Affaire Émile : « Quelque chose cloche dans leurs déclarations… », son clan sous pression, les enquêteurs aux aguets

La pression médiatique s’est accentuée en mars 2025, lorsque les grands-parents maternels et deux de leurs dix enfants ont été placés en garde à vue pour « homicide volontaire » et « recel de cadavre ». Cueillis « au saut du lit », ils avaient été auditionnés dans le cadre de vérifications et de confrontations, comme l’avait expliqué le procureur sur BFMTV.
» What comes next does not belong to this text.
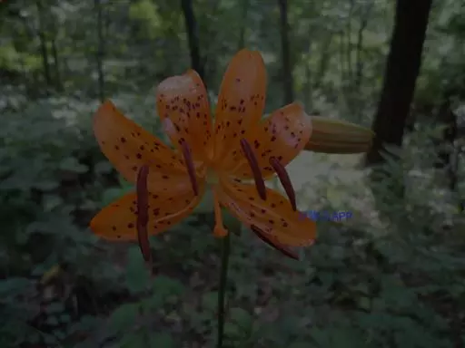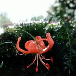 东北百合(Lilium distichum Nakai),别名卷莲花、老哇芋头、轮叶百合、伞蛋花、山丹花,为百合科、百合属多年生球根花卉。鳞茎卵圆形,白色,有节。苞片叶状,花淡橙红色,具紫红色斑点;花被片稍反卷,蒴果倒卵形,花期7-8月,果期9月,具有重要的观赏应用价值。中国东北有分布。
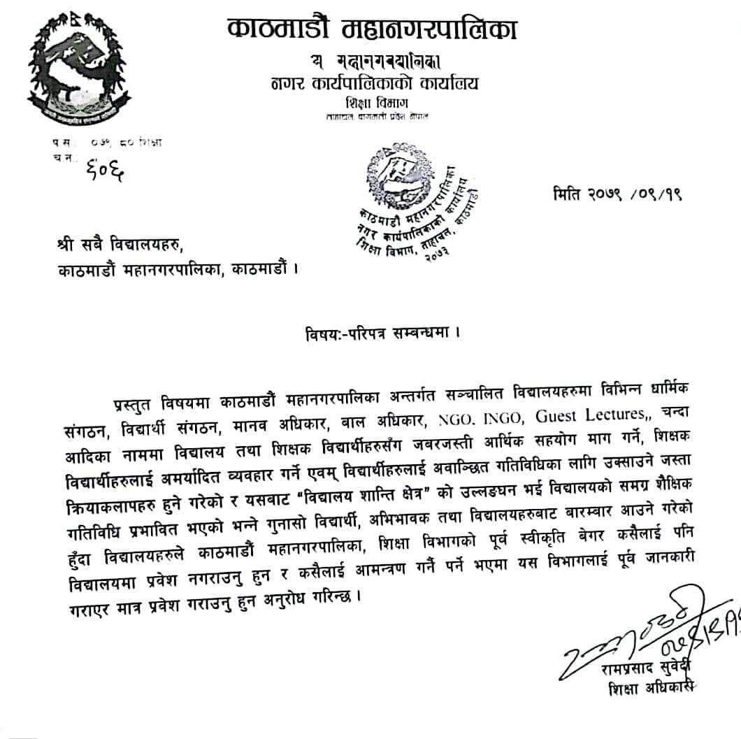 काठमाडौं महानगरपालिकाको शिक्षा विभागले पूर्व स्वीकृति बेगर कसैलाई विद्यालयमा प्रवेश नगराउन विद्यालयहरुलाई परिपत्र गरेको छ ।

Une tactique d’enquête assumée

À l’époque, Laurent Valdiguié, consultant police-justice, analysait ces interpellations matinales comme une méthode classique. L’objectif : confronter des récits avant toute concertation, lorsqu’un élément semble ne pas coïncider dans les déclarations. Si les intéressés ont finalement été libérés, cette séquence a renforcé l’idée que quelque chose, aux yeux des enquêteurs, continue de poser question.
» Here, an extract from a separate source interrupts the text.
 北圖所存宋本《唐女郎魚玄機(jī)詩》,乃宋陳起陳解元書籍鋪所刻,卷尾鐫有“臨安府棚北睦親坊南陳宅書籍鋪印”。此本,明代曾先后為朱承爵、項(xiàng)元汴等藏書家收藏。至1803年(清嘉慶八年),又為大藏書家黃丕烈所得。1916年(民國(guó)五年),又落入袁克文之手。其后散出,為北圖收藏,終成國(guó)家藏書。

Des soupçons toujours présents, malgré la prudence

La thèse d’un coup fatal porté à l’enfant, évoquant un traumatisme facial violent, reste à l’étude. Toutefois, les observateurs appellent à la retenue. Mélanie Bertrand, reporter spécialisée, rappelait récemment qu’après un an et demi, les protagonistes ont eu le temps d’échanger et, éventuellement, d’harmoniser leurs versions. Une réalité qui impose, selon elle, la plus grande prudence dans l’interprétation des gardes à vue.